What you need to do: Once you find the line with "今回は英語科の藤本光臣先生に" in the data below, transcribe exactly each line from there to the line with "10月18日,人力资源社会保", inclusive, and nothing else. Drop the pictures.

Extracted information:

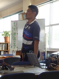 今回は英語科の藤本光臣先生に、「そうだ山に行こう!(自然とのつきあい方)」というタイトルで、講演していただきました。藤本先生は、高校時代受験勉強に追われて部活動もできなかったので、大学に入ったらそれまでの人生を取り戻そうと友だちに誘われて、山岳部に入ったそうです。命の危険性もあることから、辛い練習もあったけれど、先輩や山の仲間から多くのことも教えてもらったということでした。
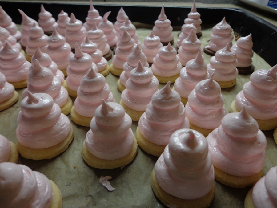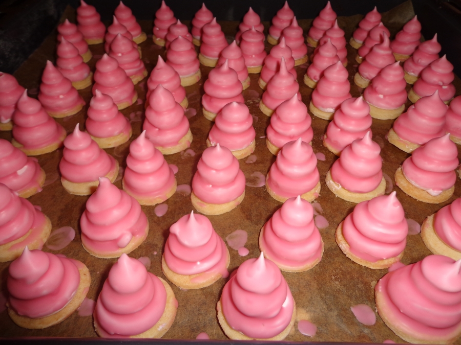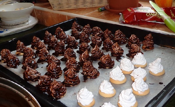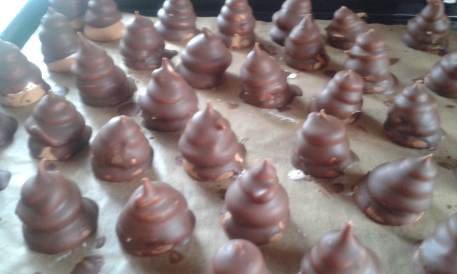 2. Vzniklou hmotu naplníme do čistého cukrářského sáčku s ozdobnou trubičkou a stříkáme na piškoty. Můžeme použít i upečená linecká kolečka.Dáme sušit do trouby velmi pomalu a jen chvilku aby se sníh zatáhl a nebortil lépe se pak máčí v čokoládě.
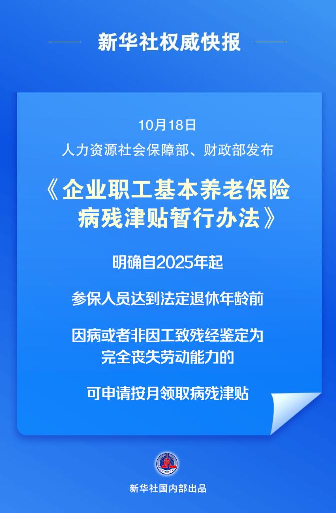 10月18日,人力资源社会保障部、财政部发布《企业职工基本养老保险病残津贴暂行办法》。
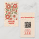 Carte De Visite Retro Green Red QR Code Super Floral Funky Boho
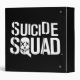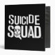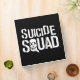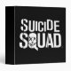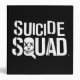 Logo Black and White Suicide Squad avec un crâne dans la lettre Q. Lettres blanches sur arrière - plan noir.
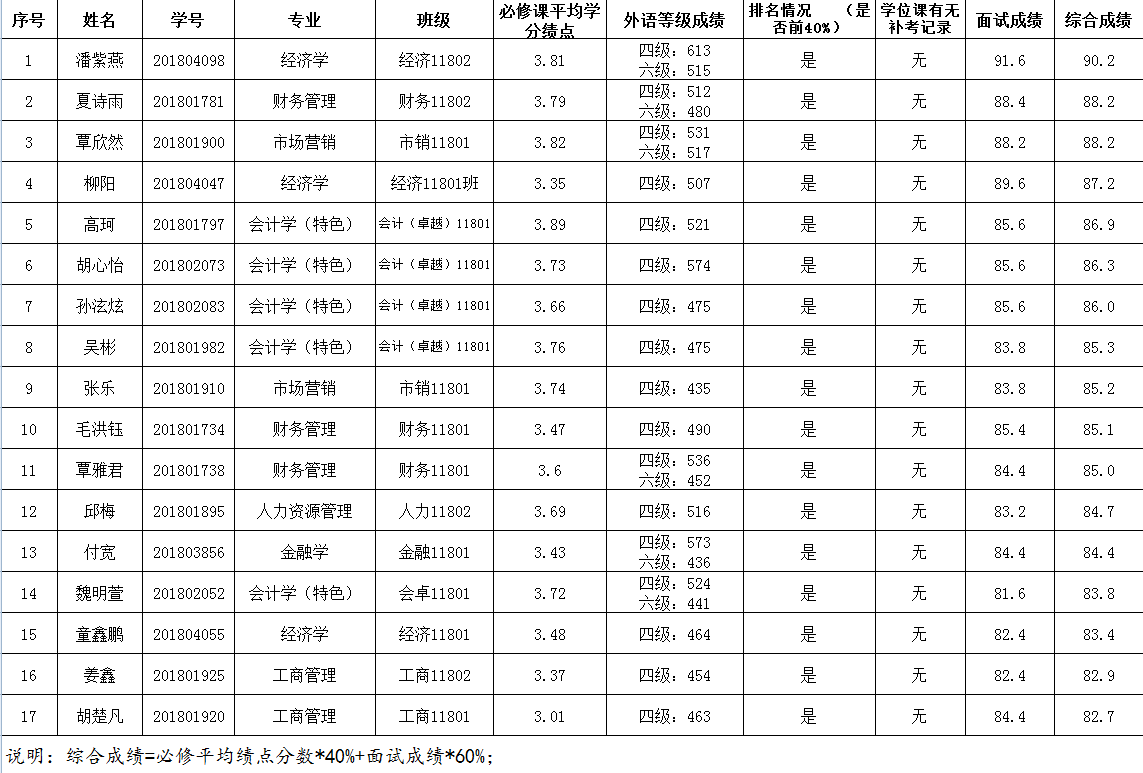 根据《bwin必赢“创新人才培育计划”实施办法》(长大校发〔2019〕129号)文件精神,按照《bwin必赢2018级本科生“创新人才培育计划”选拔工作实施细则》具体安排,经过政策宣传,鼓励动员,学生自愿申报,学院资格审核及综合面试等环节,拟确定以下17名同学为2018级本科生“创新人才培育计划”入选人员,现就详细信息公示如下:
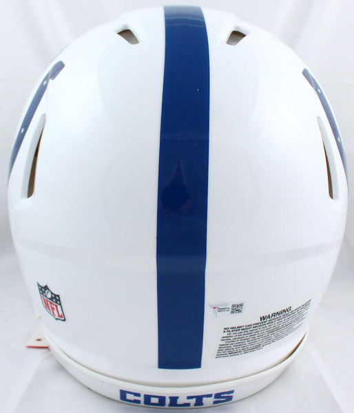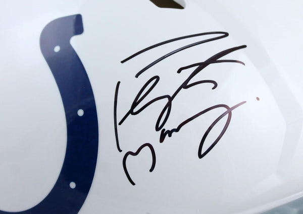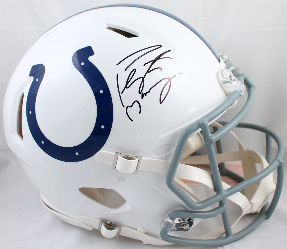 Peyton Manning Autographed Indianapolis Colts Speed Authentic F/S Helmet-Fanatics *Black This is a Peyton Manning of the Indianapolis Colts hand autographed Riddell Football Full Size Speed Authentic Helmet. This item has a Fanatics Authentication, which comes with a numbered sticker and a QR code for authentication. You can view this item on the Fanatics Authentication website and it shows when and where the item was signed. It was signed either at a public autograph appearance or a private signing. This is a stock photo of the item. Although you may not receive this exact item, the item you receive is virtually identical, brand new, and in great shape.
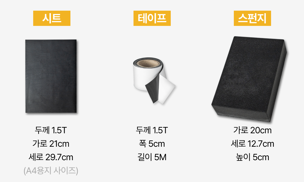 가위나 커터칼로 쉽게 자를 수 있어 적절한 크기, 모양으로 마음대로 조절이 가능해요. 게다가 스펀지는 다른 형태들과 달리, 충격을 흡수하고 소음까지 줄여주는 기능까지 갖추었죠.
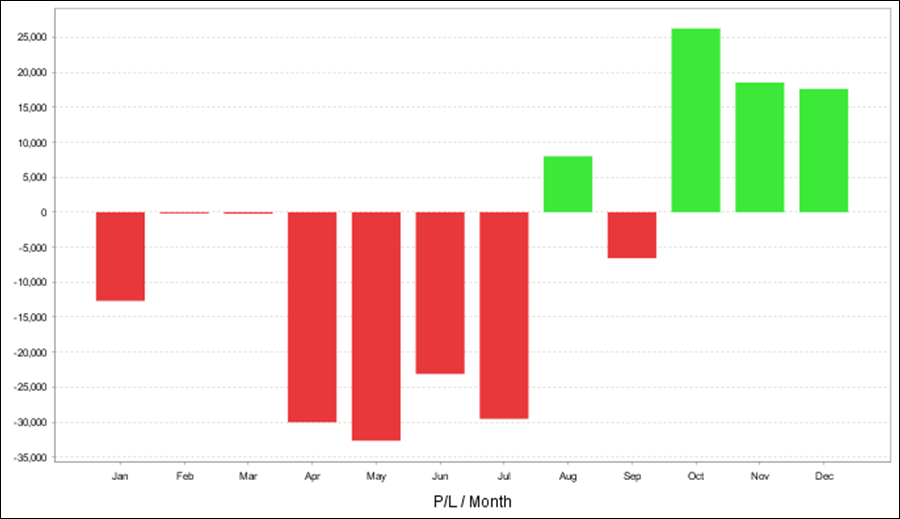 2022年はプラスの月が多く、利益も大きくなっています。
--
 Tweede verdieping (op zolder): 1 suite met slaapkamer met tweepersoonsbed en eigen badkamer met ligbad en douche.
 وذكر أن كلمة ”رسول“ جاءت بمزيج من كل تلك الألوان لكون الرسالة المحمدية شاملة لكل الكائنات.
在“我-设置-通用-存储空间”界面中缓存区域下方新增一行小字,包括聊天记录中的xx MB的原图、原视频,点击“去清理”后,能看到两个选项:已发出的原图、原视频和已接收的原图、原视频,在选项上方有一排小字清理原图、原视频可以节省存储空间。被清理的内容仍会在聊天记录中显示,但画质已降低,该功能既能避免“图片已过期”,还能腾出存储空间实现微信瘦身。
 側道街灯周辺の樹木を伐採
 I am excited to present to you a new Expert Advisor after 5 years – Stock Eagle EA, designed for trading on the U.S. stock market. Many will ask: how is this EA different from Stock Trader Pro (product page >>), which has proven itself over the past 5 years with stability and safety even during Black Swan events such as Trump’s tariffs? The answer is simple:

Task output:
 今回は英語科の藤本光臣先生に、「そうだ山に行こう!(自然とのつきあい方)」というタイトルで、講演していただきました。藤本先生は、高校時代受験勉強に追われて部活動もできなかったので、大学に入ったらそれまでの人生を取り戻そうと友だちに誘われて、山岳部に入ったそうです。命の危険性もあることから、辛い練習もあったけれど、先輩や山の仲間から多くのことも教えてもらったということでした。
 2. Vzniklou hmotu naplníme do čistého cukrářského sáčku s ozdobnou trubičkou a stříkáme na piškoty. Můžeme použít i upečená linecká kolečka.Dáme sušit do trouby velmi pomalu a jen chvilku aby se sníh zatáhl a nebortil lépe se pak máčí v čokoládě.
 10月18日,人力资源社会保障部、财政部发布《企业职工基本养老保险病残津贴暂行办法》。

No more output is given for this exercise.